World Mental Health Day 2023

Mental Health is a Universal Human Right

Every year at WTS we get behind World Mental Health Day as; you guessed it, we think mental health is so important.
We are passionate about encouraging everyone to look after their mental health. This year, we decided to hand ‘the pen’ (well it was a keyboard…) to our associate Marjolein who is our resident children’s and young people’s OT with a specialist interest in neurodiversity.
“If looking after our mental health was easy, I would be out of a job” says Marjolein. “As a team of Occupational Therapists we often discuss meaning with people. Meaning is what motivates someone, what they think is the most important in life, what ‘makes them tick’.
Finding the answer to this can be a way of unlocking a whole host of other things that suddenly all start to make sense.
Why can can’t move on from this situation or why we prioritise certain things over others. Why we make the choices we make or why we feel whether we can make any choices at all.
As humans we have an intrinsic need to connect to others.
We are relational beings and often our meaning can be found in relation to others or in doing something for others.

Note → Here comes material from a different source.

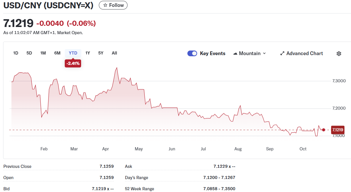 President Trump is expecting a China US/ trade deal. In his words, they are getting along with China, and 100% tariffs are not sustainable. He said that America’s top issues with Beijing are rare earths, fentanyl, and soybeans. Treasury Secretary Bessent said they would be holding talks in Malaysia.
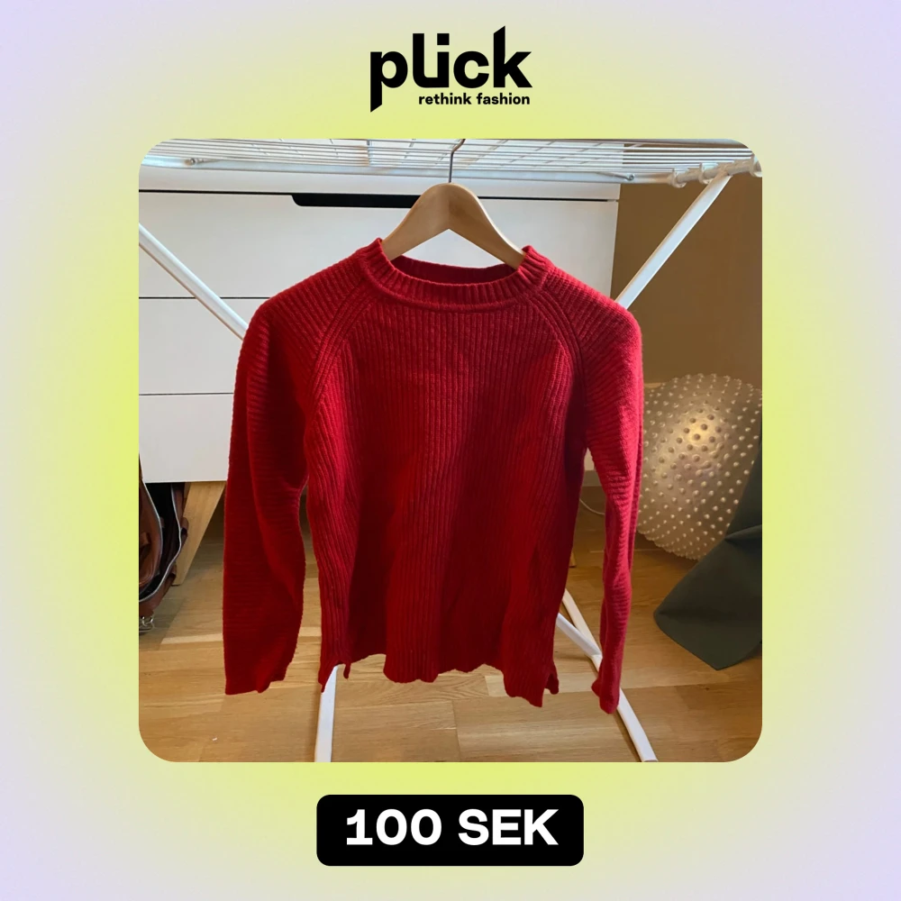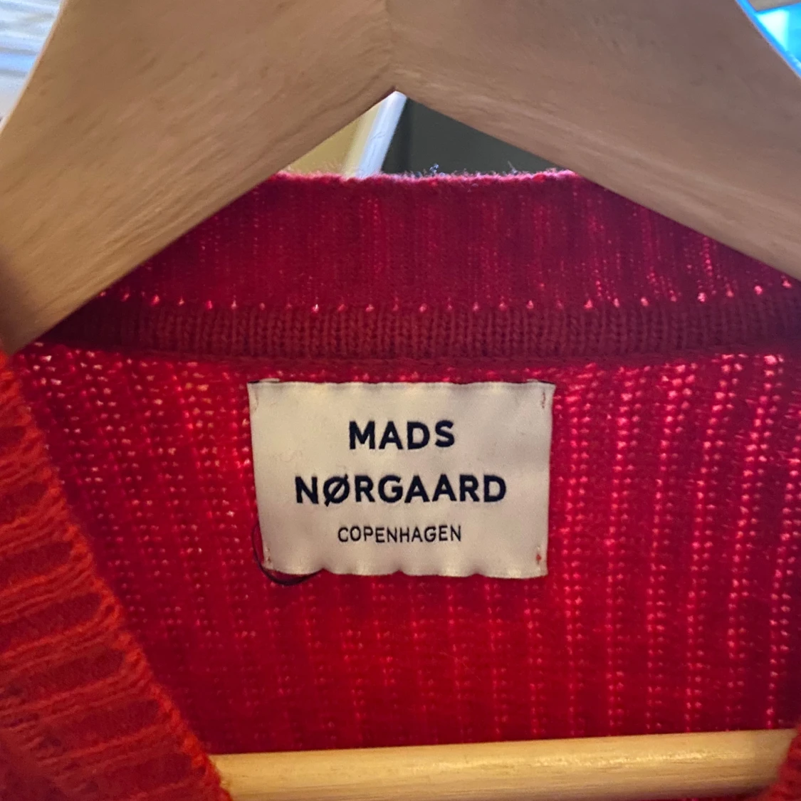 Säljer en snygg röd stickad tröja från Mads Nørgaard. Perfekt för kyliga dagar med sin varma och mjuka känsla. Tröjan har långa ärmar och en klassisk rund halsringning. Passar både till vardags och lite finare tillfällen. Ett måste i garderoben! 🔥

When we can feel that things are difficult, we can feel discouraged and disconnected from those we are usually close to. Life can feel like an endless series of demands to keep all the plates spinning and keep everyone happy.
However, the only person in our connected and sociable world we are forgetting is ourselves.
So, I would like to invite you to act on one simple idea. This year for World Mental Health Day I want to invite you to connect. Connect to another person.
Someone who can help give you some meaning to the things you are facing right now.
Someone who will make you feel like a human being, like you are seen and like you matter.
Someone who will stop long enough to really listen or someone who will spend time with you and make you laugh.
Give yourself permission to do less ‘doing’ and a little more ‘being’. Spend time with family or friends and just waste time together. Because time spent with people creates the meaning we need and the connection that helps us carry all the other things we do. Mental health is a human right, now it’s time to make it YOUR human right.”